My opinion: Performance or not.

These days anything goes.

It is usually considered that the author of a poem is "his own worst enemy" if he tries to read it for others.

The reality seems to be that some poets can do it quite well and some are ... errr, not up to it, to be polite.

One of the things that has pleasantly surprised me on AwesomeDude Radio is the high standard of the voices of people who have made promos.

However, even if the poet does a "read" it is still technically a performance, just one without embellishment if you like. A hundred years or so ago this was called a "recitation" if done from memory or a "reading" if it was read from the written word.

There were people who were employed to perform poetry with great flair and style. They were usually actors or social poseurs.

With some notable exceptions, radio announcers and singers as a rule do not make good choices for thespian activities of the voice as they do not usually have an understanding of the required "dramatic " motivation or are unable to choose the appropriate meter for delivering the verse. Radio voices requires a different set of motivations and rules from most thespian activities. (Imagine if you like if the radio personality announced the time as if he were Richard the third: "NOW, is the eighth hour after the midnight of our discontent." etc,. Similarly advertising the specials at Wal-Mart is really not good voice preparation for singing a Puccini Opera. :w00t: ...)

And therein lay the problem. Choosing the appropriate form of delivery.

Basically you have to listen to the finished recording and judge whether it sounds corny or exaggerated.

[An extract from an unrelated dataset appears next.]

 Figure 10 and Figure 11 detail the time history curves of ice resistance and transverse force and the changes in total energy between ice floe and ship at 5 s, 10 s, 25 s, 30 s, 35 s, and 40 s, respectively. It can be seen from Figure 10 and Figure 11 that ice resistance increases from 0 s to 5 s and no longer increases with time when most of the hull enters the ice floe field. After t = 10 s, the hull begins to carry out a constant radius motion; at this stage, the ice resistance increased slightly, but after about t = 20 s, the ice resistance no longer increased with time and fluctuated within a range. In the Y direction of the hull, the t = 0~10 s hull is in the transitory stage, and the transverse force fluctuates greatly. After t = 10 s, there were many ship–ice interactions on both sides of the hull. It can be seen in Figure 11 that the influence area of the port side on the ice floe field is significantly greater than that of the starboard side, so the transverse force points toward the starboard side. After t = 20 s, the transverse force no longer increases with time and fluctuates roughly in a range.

If it does then do a straight reading, unless that is your intention.

Never take any notice of what you think your audience wants or how they like to hear it.

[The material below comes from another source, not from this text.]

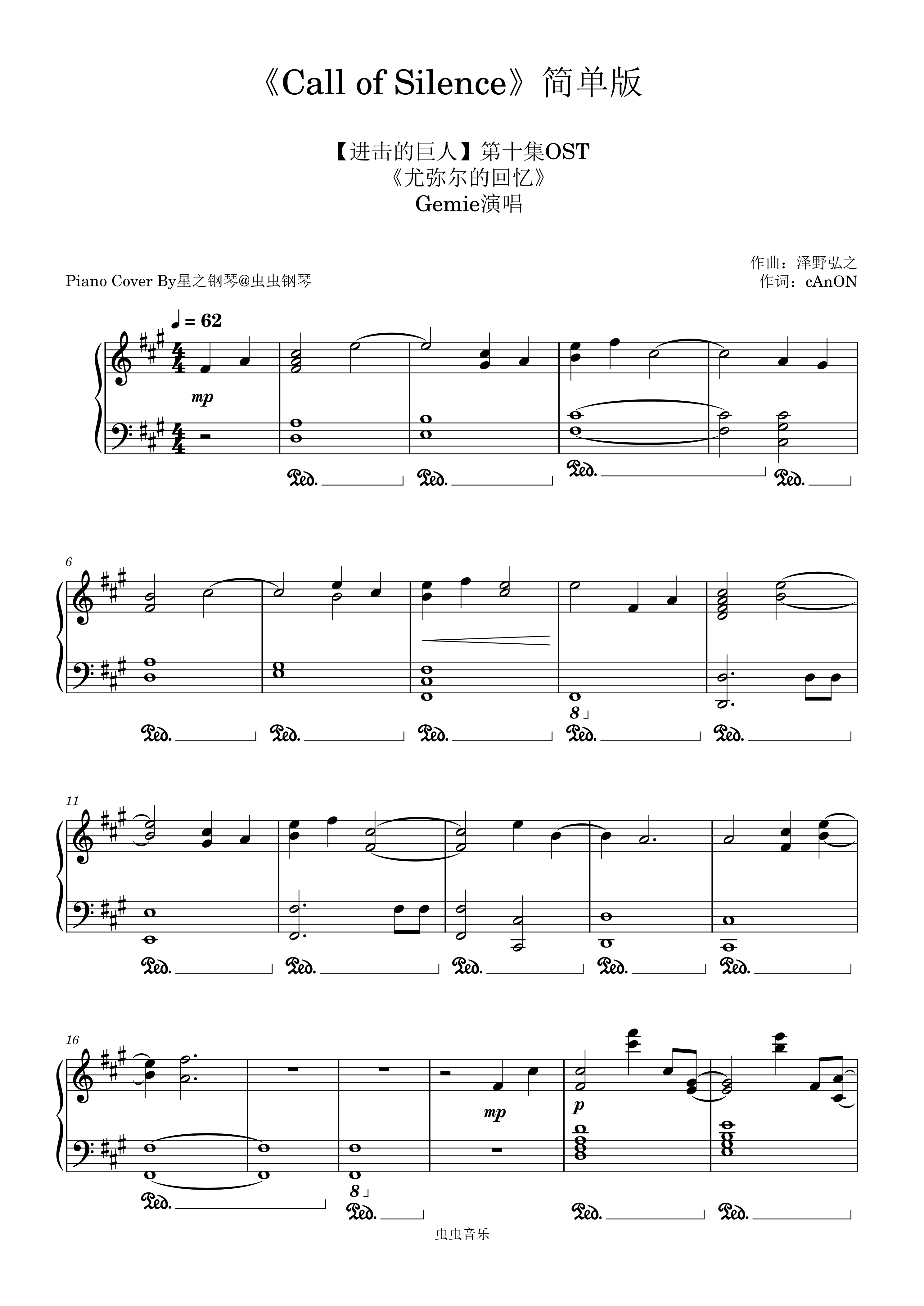 • Call of Silence钢琴简谱 A调 数字双手

If you want it "over-the -top" or mellow or without emotion, then that is how it should be.

Find your own voice for each poem. How did you hear it in your own mind?

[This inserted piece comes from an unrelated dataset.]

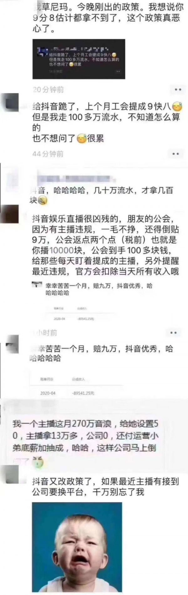 在公会群内,一些愤怒的声音质疑:公会的分成降低,变相的收入就落到了平台手里,实际上抖音此举是降低公会分成,增加了平台的收入。

There is a natural rhythm in English that can be ignored or exaggerated, and both or either can be correct, local accents not-with-standing.

Even rap is shifting to a more harmonious delivery in some recent performances I have heard. Very interesting.

Speaking plainly and letting the words speak for themselves usually fails to get the message across.

Having said all that it is somewhat surprising and wonderful when someone gets up and recites a work in a way that ignores what the author wanted and yet still manages to communicate the intention of the verse to the audience. These "interpretations" can also be deplorable or of "fresh inspiration."

It is a good idea to rehearse for someone whom you will not mind telling you what is not quite right with your delivery.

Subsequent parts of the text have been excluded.